To answer Parts a and b, you had to make up some “rules” for using plots and CIs to evaluate the significance of \(\beta_1\). In general, what were these rules?!

If (something about the plot), then our sample data provides evidence of a “significant” relationship between Y and X.
If (something about the CI), then our sample data provides evidence of a “significant” relationship between Y and X.

Part d

Your work above suggests that there’s a statistically significant association between hiking time and length. This merely suggests that an association exists (\(\beta_1 \ne 0\)). It does not necessarily mean that the magnitude of the association is meaningful, or practically significant, in context.

Do you think that the association between hiking time and length is also practically significant? Mainly, in the context of hiking, is the magnitude of the association (an increase between 0.560 and 0.808 hours in expected hiking time for every 1-mile increase in length) actually meaningful?

Exercise 7: time versus elevation

Next, let’s explore the relationship between the completion time and maximum elevation of a hike (in feet):

E[time | elevation] = \(\beta_0\) + \(\beta_1\) elevation

We can gain insight into this relationship using our sample data:

# Model the relationship
peaks_model_2 <- lm(time ~ elevation, data = peaks)

# Get confidence intervals
confint(peaks_model_2, level = 0.95)

# Plot the sample model
ggplot(peaks, aes(y = time, x = elevation)) + 
  geom_point() + 
  geom_smooth(method = "lm")

What can we conclude from both the CI for \(\beta_1\) and the confidence bands in the plot above?

Exercise 8: time versus rating

Next, let’s explore the relationship between the completion time and hike rating (difficult, easy, or moderate):

E[time | rating] = \(\beta_0\) + \(\beta_1\) ratingeasy + \(\beta_2\) ratingmoderate

PAUSE: Before analyzing this model, pause to reflect on what \(\beta_0\), \(\beta_1\), and \(\beta_2\) mean in this context. We can gain insight into these coefficients using our sample data:

# Visualize the relationship
ggplot(peaks, aes(y = time, x = rating)) + 
  geom_boxplot()

# Model the relationship
peaks_model_3 <- lm(time ~ rating, data = peaks)

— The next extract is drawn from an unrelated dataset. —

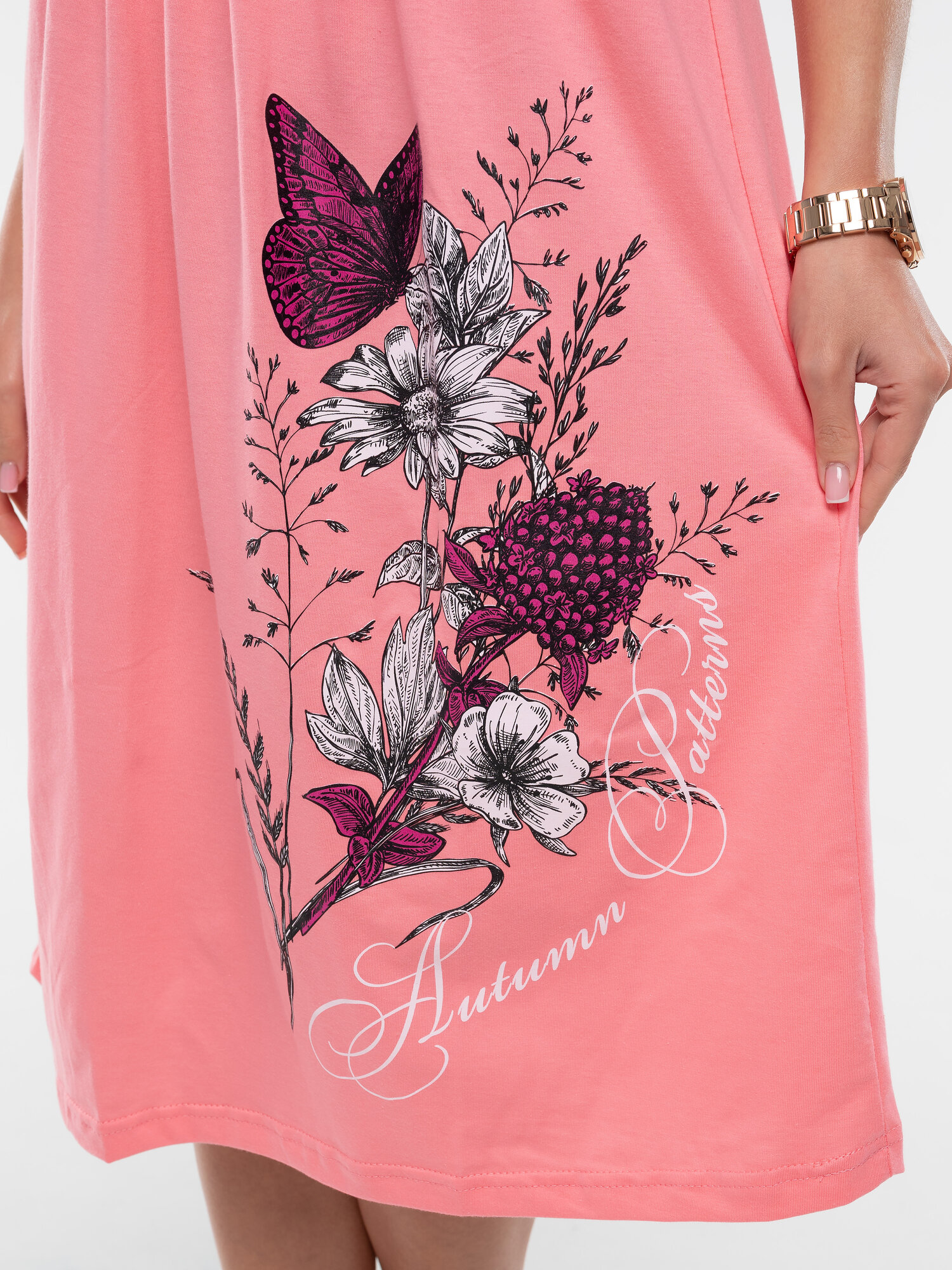 Женская платье-туника, с рукавом, вискоза, с карманами, цвет персиковый, бежевый. Размер 46

# Obtain CIs for the model coefficients
confint(peaks_model_3)

Part a

How can we interpret the confidence interval for \(\beta_2\), the ratingmoderate coefficient: (-5.92, -3.19)? We’re 95% confident that…

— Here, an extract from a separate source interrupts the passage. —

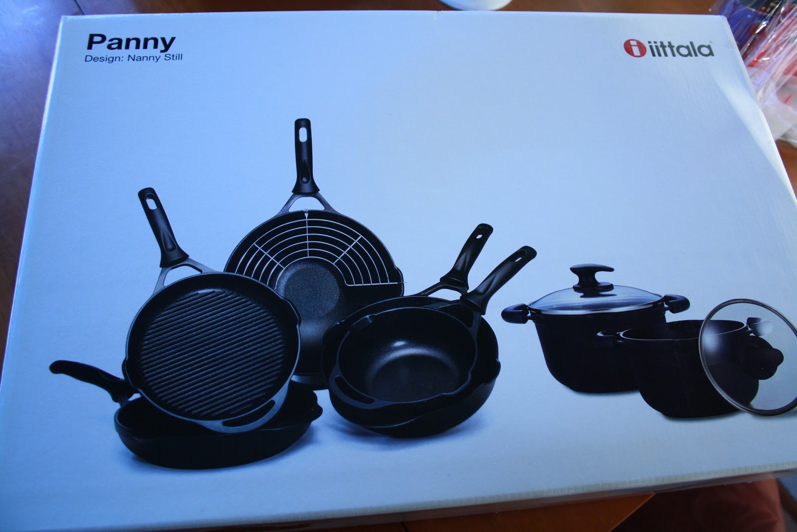 Nanny pannu eli Arabian valmistama Nanny Stillin suunnittelema paistinpannu. Jykevä, tukiotin kahvaa vastapäätä, teflon-pinnoitettu, sopivan korkeat reunat. Ihan huippuhyvä tuote, mulla ehti kaksi niitä olla, kolmatta kun menin ostamaan, kerrottiin ettei niitä enää valmisteta.

the average completion time of a moderate hike is between 3.19 and 5.92 hours
the average completion time of a moderate hike is between 3.19 and 5.92 hours less than that of a difficult hike
the average completion time of moderate hikes in our sample was between 3.19 and 5.92 hours less than that of difficult hikes in our sample

Part b

How can we interpret the confidence interval for the intercept \(\beta_0\): (13.8, 16.2)? We’re 95% confident that…

the average completion time of a hike with a 0 rating is between 13.8 and 16.2 hours.
the average completion time of a difficult hike is between 13.8 and 16.2 hours.
the average completion time of a hike is between 13.8 and 16.2 hours.
the average completion time of a difficult hike is between 13.8 and 16.2 hours more than that of an easy hike.

Part c

Based on the CIs, does our sample data provide evidence of a “significant” relationship between hiking time and rating?

Exercise 9: Multiple logistic regression REVIEW

Let’s turn our attention to weather in 3 Australia locations, Hobart, Uluru, and Wollongong: When controlling for location, is today’s 9am humidity level (0-100%) a “significant” predictor of whether or not it will rain tomorrow? The following population model represents this relationship:

log(odds of rain_tmrw) = \(\beta_0\) + \(\beta_1\) locationUluru + \(\beta_2\) locationWollongong + \(\beta_3\) humidity9am

Below we build a sample model using a sample of 500 data points:

# NOTE: We'll take a sub-sample of 500 days for TEACHING PURPOSES ONLY
# In practice, we'd use all data in our sample :)
set.seed(155)
weather <- read_csv("https://mac-stat.github.io/data/weather_3_locations.csv") %>% 
  mutate(rain_tmrw = (raintomorrow == "Yes")) %>% 
  sample_n(size = 500, replace = FALSE)

# Build the sample model
weather_model_1 <- glm(rain_tmrw ~ location + humidity9am, data = weather, family = "binomial")
coef(summary(weather_model_1))

# Exponentiate the coefficients
exp(-4.231)
exp(-0.504)
exp(0.040)

Part a

Why are we using logistic regression?

Part b

Interpret \(\hat{\beta}_0\), the estimated intercept, on the odds scale. Circle any option that’s correct! On a day with 0 humidity at 9am in Hobart…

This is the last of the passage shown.